## Task directions
Exactly as they appear, retype the lines from the one containing "8 pulsanti programmabili" through the final line of the data below. Leave pictures out.
Exercise data Block Start
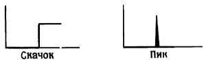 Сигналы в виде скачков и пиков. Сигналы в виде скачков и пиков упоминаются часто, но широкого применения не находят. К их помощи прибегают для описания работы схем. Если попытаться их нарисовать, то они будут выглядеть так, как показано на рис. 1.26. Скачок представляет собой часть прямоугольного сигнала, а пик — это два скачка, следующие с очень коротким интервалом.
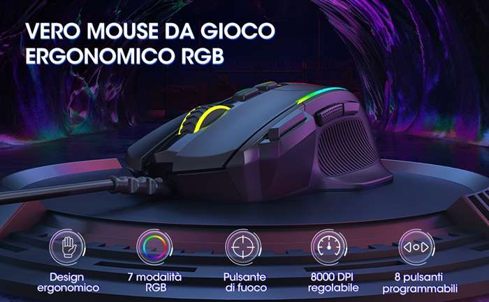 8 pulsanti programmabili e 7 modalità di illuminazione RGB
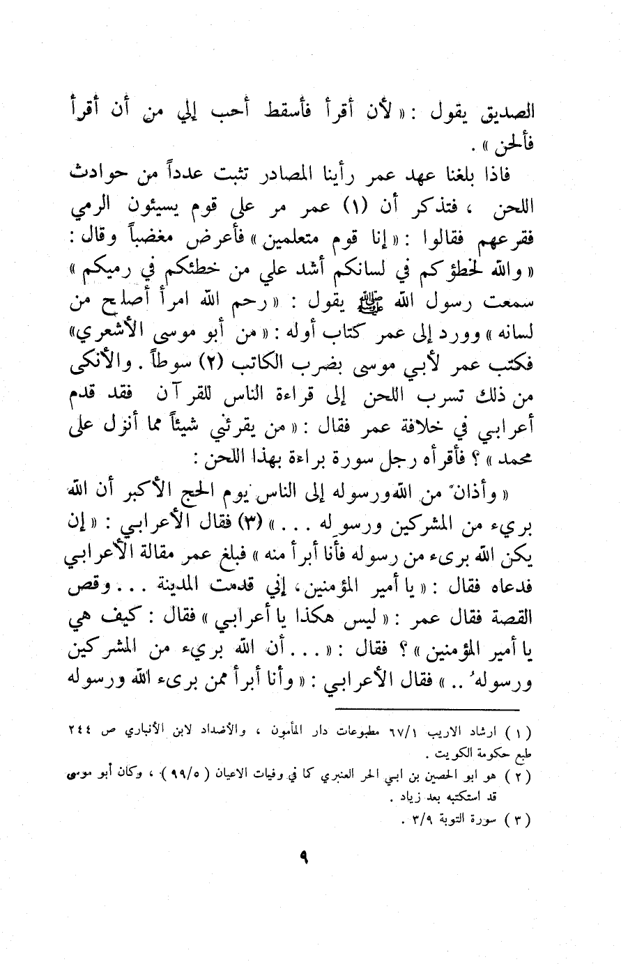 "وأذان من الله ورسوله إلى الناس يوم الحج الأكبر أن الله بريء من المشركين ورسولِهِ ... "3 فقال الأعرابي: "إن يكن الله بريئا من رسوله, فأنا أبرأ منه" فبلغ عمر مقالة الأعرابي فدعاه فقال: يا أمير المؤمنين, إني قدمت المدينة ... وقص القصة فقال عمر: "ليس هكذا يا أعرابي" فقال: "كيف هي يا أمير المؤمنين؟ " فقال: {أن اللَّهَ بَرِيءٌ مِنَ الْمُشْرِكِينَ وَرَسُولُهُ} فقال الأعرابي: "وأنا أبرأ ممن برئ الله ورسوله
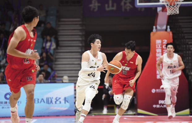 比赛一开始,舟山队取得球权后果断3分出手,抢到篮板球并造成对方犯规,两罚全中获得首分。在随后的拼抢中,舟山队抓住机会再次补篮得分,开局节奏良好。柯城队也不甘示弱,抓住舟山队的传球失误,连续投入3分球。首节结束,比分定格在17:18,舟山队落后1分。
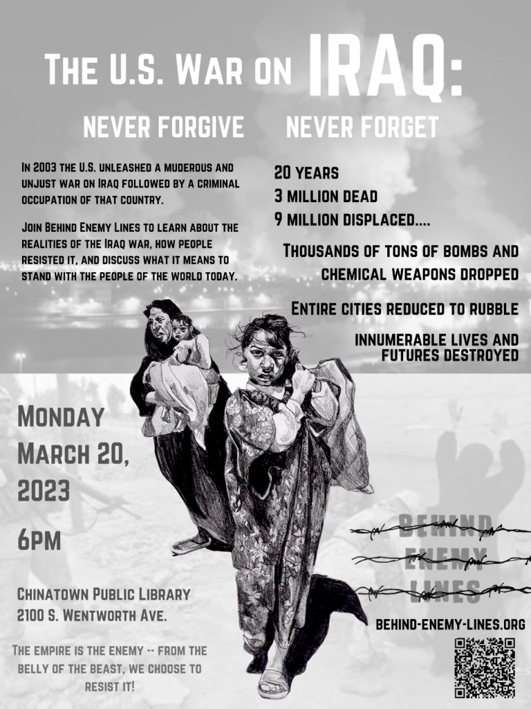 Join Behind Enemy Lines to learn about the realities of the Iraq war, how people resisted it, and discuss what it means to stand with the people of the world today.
Exercise data Block End
## Output of the exercise
 8 pulsanti programmabili e 7 modalità di illuminazione RGB
 "وأذان من الله ورسوله إلى الناس يوم الحج الأكبر أن الله بريء من المشركين ورسولِهِ ... "3 فقال الأعرابي: "إن يكن الله بريئا من رسوله, فأنا أبرأ منه" فبلغ عمر مقالة الأعرابي فدعاه فقال: يا أمير المؤمنين, إني قدمت المدينة ... وقص القصة فقال عمر: "ليس هكذا يا أعرابي" فقال: "كيف هي يا أمير المؤمنين؟ " فقال: {أن اللَّهَ بَرِيءٌ مِنَ الْمُشْرِكِينَ وَرَسُولُهُ} فقال الأعرابي: "وأنا أبرأ ممن برئ الله ورسوله
 比赛一开始,舟山队取得球权后果断3分出手,抢到篮板球并造成对方犯规,两罚全中获得首分。在随后的拼抢中,舟山队抓住机会再次补篮得分,开局节奏良好。柯城队也不甘示弱,抓住舟山队的传球失误,连续投入3分球。首节结束,比分定格在17:18,舟山队落后1分。
 Join Behind Enemy Lines to learn about the realities of the Iraq war, how people resisted it, and discuss what it means to stand with the people of the world today.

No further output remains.